On 28 Sep 2017, at 12:53, David Conrad <drc@virtualized.org> wrote:
As far as I am aware, nothing is on fire. Given the lack of time criticality, I would have thought it’d be more important to the technical communities to have more concrete data to present. Given propagation delays in non-technical circles, I believe ICANN comms felt doing a “normal” press announcement-style approach sooner rather than later and then providing more details to folks who were interested later was a better approach. YMMV.
David, I would have expected some sort of announcements via the usual suspects mailing lists would have been part of that “normal” communication approach. YMMV. Instead, I learnt about the postponement because of a hearsay comment about a tweet. More details would of course be welcome. [And I’m sure forthcoming.] In due course. When the time is right. Blah, blah, blah. However if that info isn’t yet available for sharing, it shouldn’t have prevented announcements to the expected technical/operational mailing lists. I don’t understand why those lists weren’t told or how using those channels to get the word out could have been harmful.
We made an announcement within a few hours of making the decision to postpone the KSK rollover and are proceeding to attempt to gather more information to inform the community.
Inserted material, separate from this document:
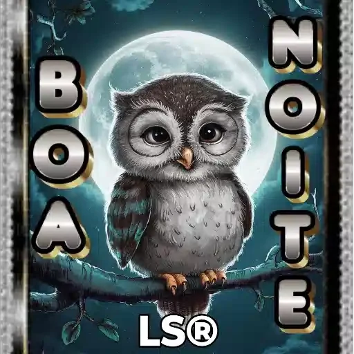Um desenho de uma coruja cinza com olhos grandes e penas marrons sentada em um galho em frente à lua cheia. A imagem tem as palavras 'BOA NOITE' escritas ao lado e 'LS®' embaixo.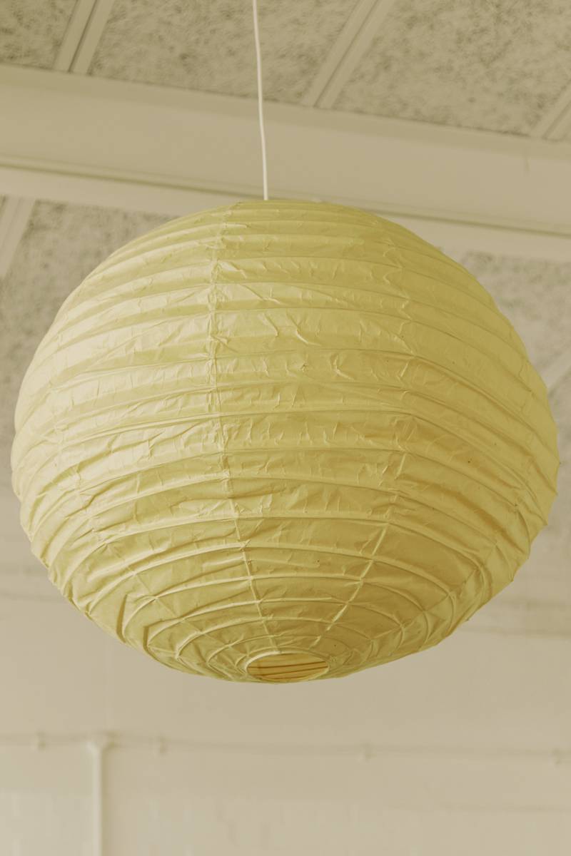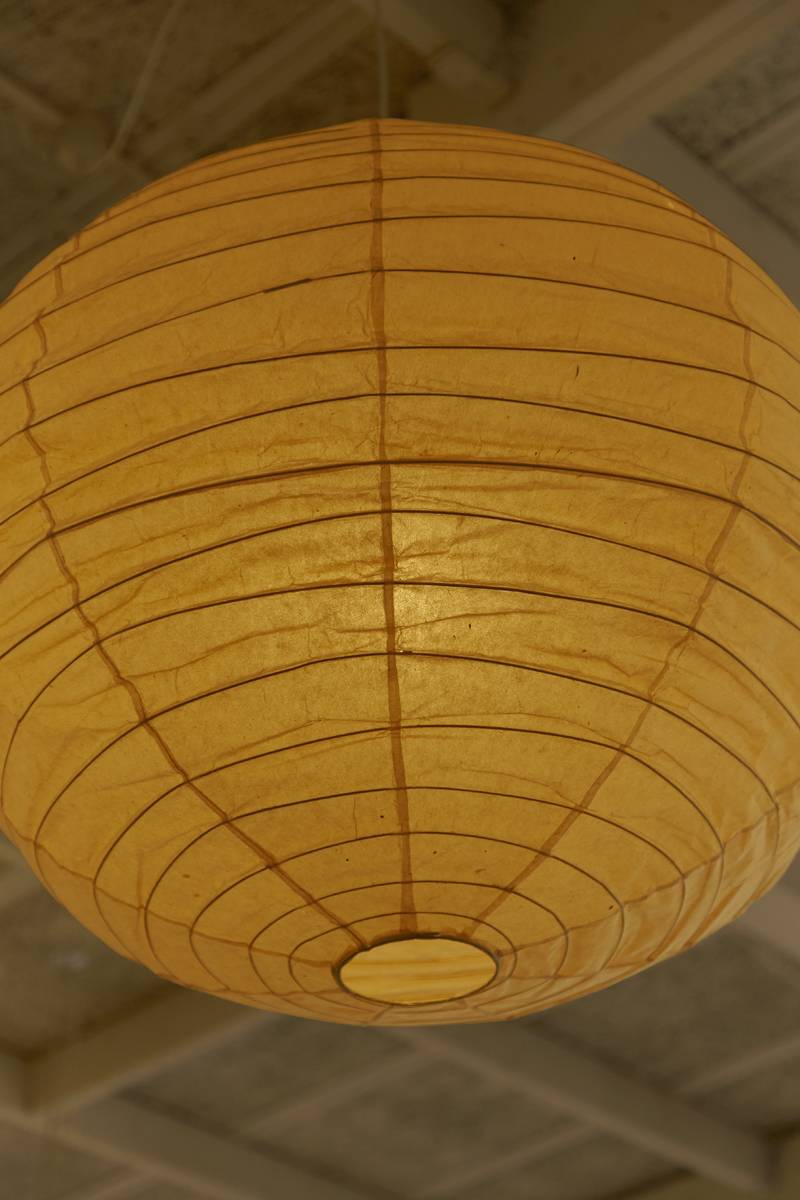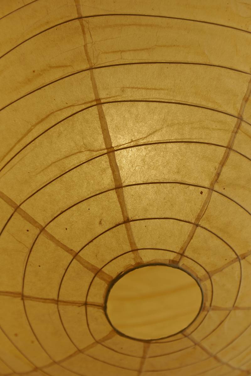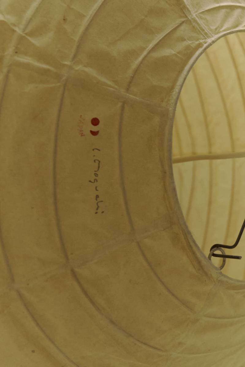 Discover the timeless allure of the Isamu Noguchi Akari Lamp, model 75D, a pendant lamp/light sculpture designed around 1950 and manufactured by Ozeki & Co. Ltd. in Japan. This mid-century modern masterpiece features a bamboo ribbing structure covered by washi paper, crafted using traditional procedures that showcase Noguchi’s commitment to artistic innovation. An early edition, this lamp bears the stamped manufacturer’s mark, adding a touch of authenticity to its design. In original condition, this piece exudes character with a beautiful patina as captured in the detailed photos.

Do you feel the fact that we did not send that announcement to technical mailing lists despite not having that additional information have an operational impact on resolver operators?
Perhaps. There wouldn’t of course be an impact on resolving and validation. There may however be second-order effects. Responsible resolver operators may well have lined up a small army of staff to be on call and prepare for problems and/or TEOTWAWKI on the 11th. If so, they wouldn’t need to wait for that additional information so they could tell their helpdesks and ops people to stand down. It wouldn’t immediately matter to them why the rollover was being postponed, just that this was happening and that any resolver operator planning for that event could be postponed too. From that perspective I think it would have been better to communicate the news as widely as reasonably possible.